No Impact (currently)

Not yet subject to the 26% tariff

Iron & steel articles

Moderate to High

Subject to new tariff

Made-up textiles

High

Faces significant tariff impact

 

Global Competitors & Tariff Comparison

  • India’s competitors in these export categories:
    • China, Vietnam, Cambodia, Bangladesh
    • These countries face even higher reciprocal tariffs than India
  • South Korea, a competitor in electronics, faces a 25% tariff, very close to India’s 26%

 

Global Trade Reactions: A Caution for India

  • China has imposed reciprocal tariffs on U.S. goods.
  • The U.S. retaliated strongly, raising China’s overall tariff rate to 145%, and up to 245% for some goods.
  • This shows that a confrontational approach may not be good for India.

 

Recommended Indian Strategy: Multi-Pronged Approach

1. Understand India's Imports from the U.S.

  • India mainly imports essential goods from the U.S.
  • Putting extra tariffs on these could make them more expensive domestically.

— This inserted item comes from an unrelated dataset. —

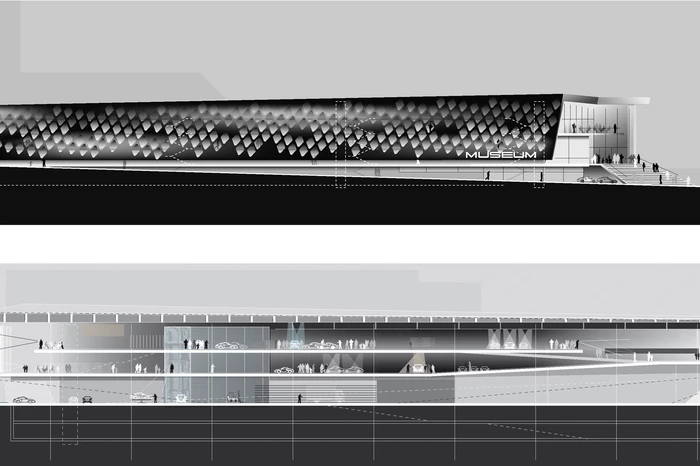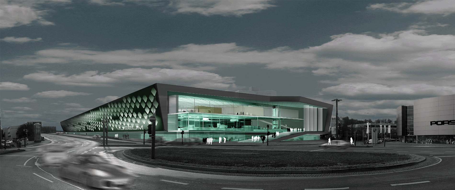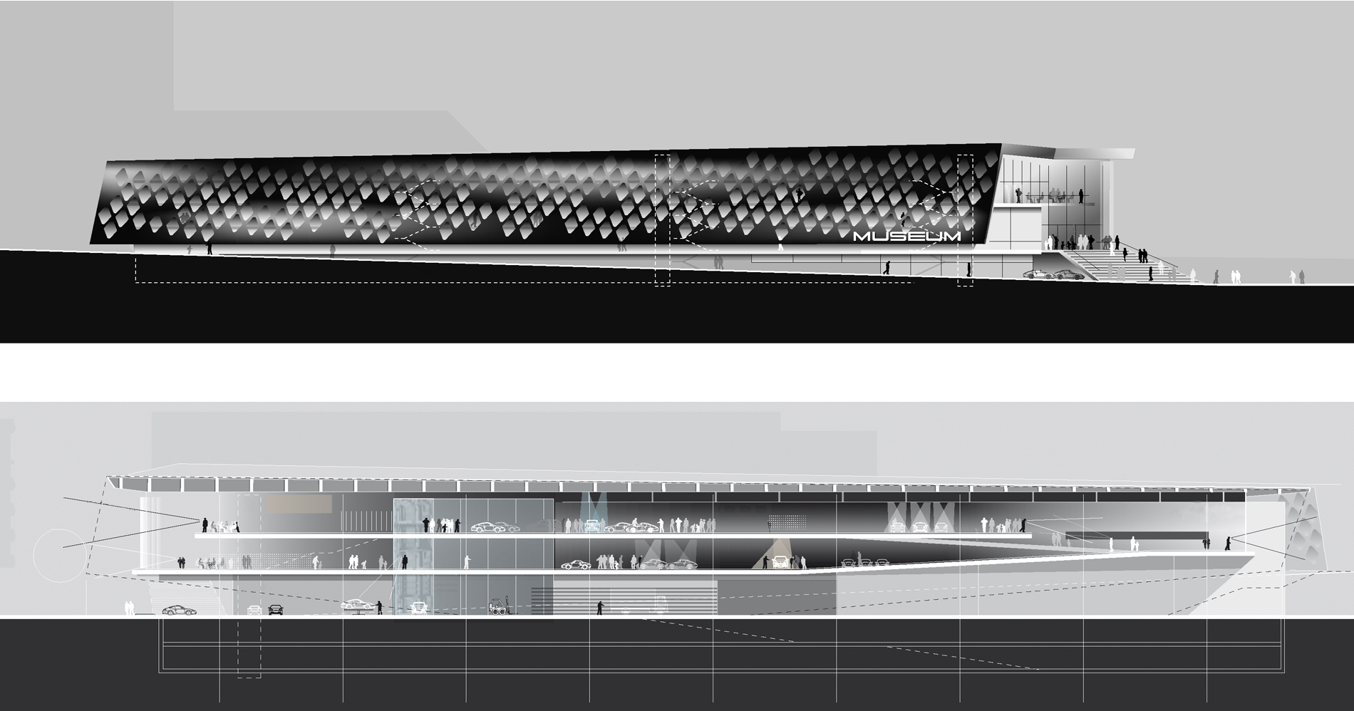 Ein horizontaler, liegender Baukörper mit einer großen Raumschale transformiert Motive wie Schnelligkeit, Dynamik und Design des Produktes in Architekturmotive: Fahrzeugkarosserie - Raumschale, Chassis - Basis etc. Diese Raumschale (Karosserie) legt sich über einen flächig konzipierten Museumsraum (Black - Box). Die Schale löst sich von der Basis (Chassis) und schwebt über dem Grundstück. Die freitragende Konstruktion überspannt große Teile der Museumsfläche. Dies schafft großflächig stützenfreie Ausstellungsbereiche. Die Textur der „atmenden Haut“ ist innen wie außen multifunktional und kann auf unterschiedliche Situationen und Ansprüche dynamisch reagieren: offen - geschlossen, starr- beweglich, Energie sammelnd, Licht transportierend, usw. Die Ausstellungsebenen sind in die Raumschale frei eingestellt und von den begrenzenden Raumwänden abgelöst. Eine wichtige räumliche Attraktion zwischen Event/Empfangsbereich/Ausstellung einerseits und Werkstatt andererseits - als Inszenierung des „Objekttausches“ - ist das „befahrbare Autoregal“ (Zwischendepot) als gläserne Vitrine in allen Ebenen erlebbar.

2. Adjust Import Sources to Lower Reciprocal Tariff

  • If India increases imports from the U.S. where it makes economic sense:
    • The reciprocal tariff rate India faces will reduce.
  • Example:
    • Increase imports from the U.S. by $25 billion (e.g., shift oil imports from other countries to the U.S.)
    • New reciprocal tariff rate = 11.8% (close to the floor rate of 10%)
    • This helps improve competitiveness without increasing the current account deficit

Policy Suggestions for India

  • Start quick consultations with U.S. trade officials to build a comprehensive trade deal.
  • Keep an eye on “dumping” (selling goods at low prices) from countries like China, which may try to redirect exports to India due to U.S. tariffs.

 

Conclusion: WTO must take the lead

It is clear that the U.S. tariff move is just the first step. The rules on global trade and tariffs will likely stay uncertain for some time, which is bad for international trade and economic growth. Going ahead, we need a global trading system with low tariffs. The World Trade Organization (WTO) should take strong steps to make this happen. Regional trade groups are only a second-best option, but they should still be encouraged.